A few days ago I wrote about the idea of having a quant group working for consumers rather than against them. Today I wanted to spell out a few things I think that group could do.

The way I see it, there’s this whole revolution of data and technology and modeling going on right now, but only people with enough dough to pay for the quants are actually actively benefiting from the revolution. So people in finance, obviously, but also internet advertising companies.

The problem with this, besides the lopsidedness of it all, is that the actual models being used are for the most part predatory rather than helpful to the average person.

In other words, most models are answering question of the form:

how can we get you to spend money you don’t necessarily want to spend? or
how good a credit risk are you? or
how likely are you to come back and spend more money? or
how can we anticipate the market responding to end-of-month accounting shenanigans? I just threw this one in to give people a sense of how finance models work.

It all makes sense: these are businesses that are essentially bloodthirsty, making their money off your clicks and purchases. They are not going away.

Then there are some models that are already out there trying to make the user experience more enjoyable.
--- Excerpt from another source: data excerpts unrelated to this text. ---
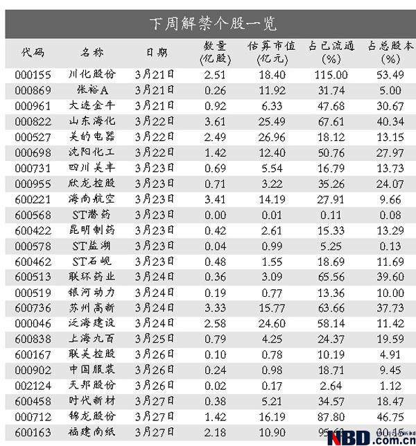另外福建南紙3月27日有2.18億股定向增發(fā)股份解禁上市。在公司2008年3月定向增發(fā)中,華泰資產(chǎn)管理有限公司認(rèn)購(gòu)了4000萬股,中國(guó)人保資產(chǎn)管理股份有限公司和南平市人民政府國(guó)資委分別認(rèn)購(gòu)了3000萬股和2500萬股,而《天府早報(bào)》社等5家股東各認(rèn)購(gòu)了1000萬股。公司在去年曾有過一次每10股轉(zhuǎn)增5股,因此上述股東認(rèn)購(gòu)的股份也相應(yīng)的從1.45億股增加到2.18億股。當(dāng)初8家股東的認(rèn)購(gòu)價(jià)格為5.73元/股,而公司股價(jià)復(fù)權(quán)后已經(jīng)達(dá)到7.52元,賬面盈利高達(dá)31.24%。市場(chǎng)人士表示,相比其他機(jī)構(gòu)認(rèn)購(gòu)中金黃金、西飛國(guó)際而深套其中不同,這8家機(jī)構(gòu)幸運(yùn)很多,在去年整個(gè)市場(chǎng)低迷的情況還能獲得31.24%的賬面收益,因此在他們所持股份解禁上市后,套現(xiàn)的可能性會(huì)相當(dāng)大,投資者也需要格外警惕。(每經(jīng)實(shí)習(xí)記者 劉明濤)
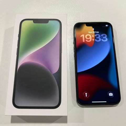 Selger en pent brukt iPhone 14, som er blitt brukt med ekstra skjerm og deksel siden den var ny.
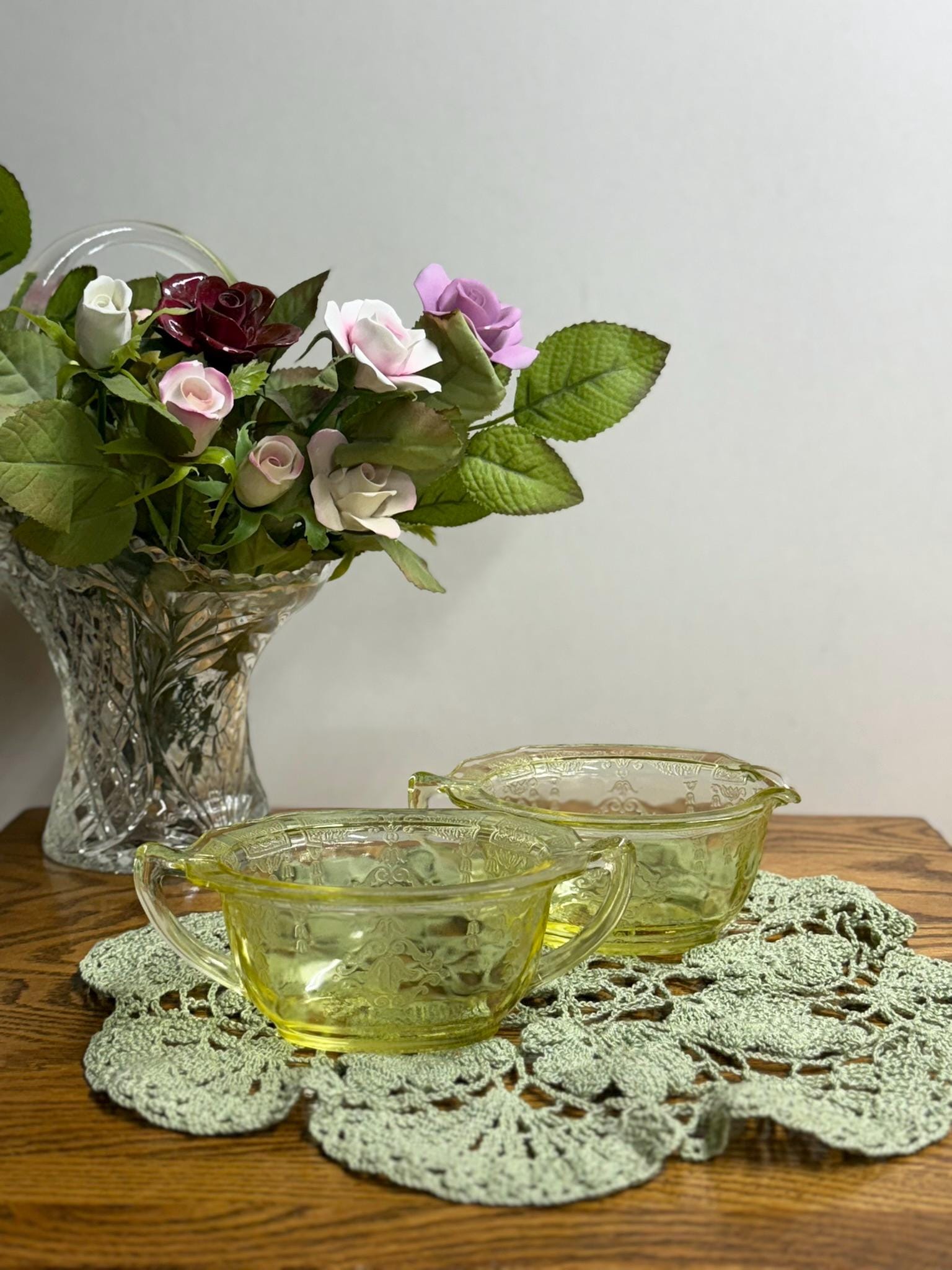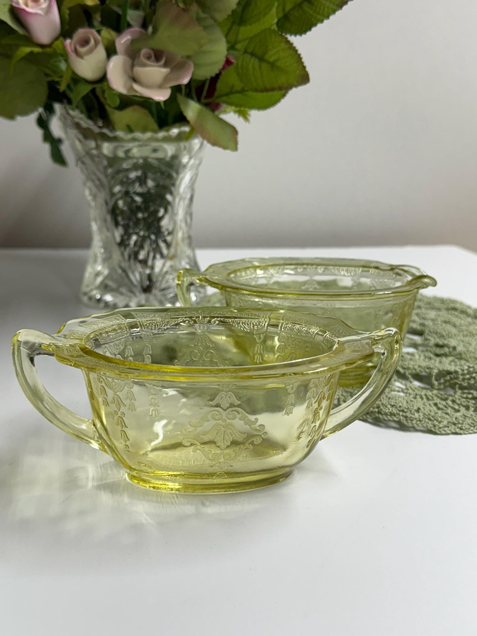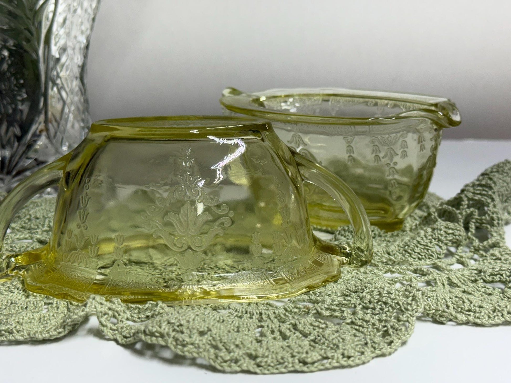 Anchor Hocking 1930s Princess Pattern Topaz Yellow Cream and Sugar Set
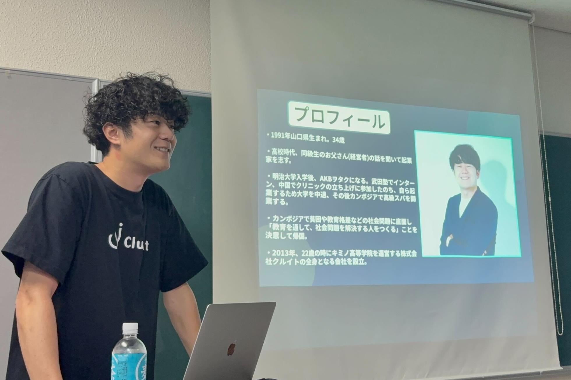 株式会社クルイト代表取締役社長です。 大学在学中より、両親が教員ということもあり昔から漠然と教育分野で会社を起こしたい!と考え,教育業界を知るために塾でインターンシップに参画 。 「世の中を変える経営者になるためには、圧倒的な実力をつけないといけない」と感じ、まずは教育から一旦離れ、実力をつけてから2年後に起業をしようと決め、知り合いの経営者の方と中国で医療・スパ事業を起業。 中国での経験で、海外事業の可能性を感じ、当時まだ高級スパが無かったカンボジアで21歳の時に大学を中退し、スパを開業(http://lucknuvo.com/lucknuvo_ja.php)。 2ヶ月で黒字化し、なん...

They answer questions of the form:

If you like that, what else may you like? (Pandora, Netflix, Google)
If you bought that last week, maybe you’d like to buy it again this week?
If you bought that, maybe you’d like to buy this now?

The problem, as you can see, is that these second, helpfulish kinds of things quickly devolve into the first, predatory kinds of things. In other words, you’re being bombarded by ads and suggestions for spending more money than you actually want to spend.

What about stuff that you actually don’t want to do but that is probably not directly profitable to anyone? I’d love to see technology used to tackle some of these chores:

Figuring out what the best deal is on loans (credit card, student loans or mortgages), without becoming a lawyer. Here I’m not just saying they should all be clear about their terms- that’s a job for the CFPB. I mean there should be a website that asks me a few questions about what I need a loan for and points me to the best deal available.
Finding the best price for something. I discussed this briefly here.
Warnings about weird conditions and agreements, like mandatory arbitration.
Help finding a good doctor or a good plumber etc.
Help knowing when to go to the DMV or other public services building so the lines are bearable, or even better a way to do stuff on your computer or phone and avoid the trip altogether.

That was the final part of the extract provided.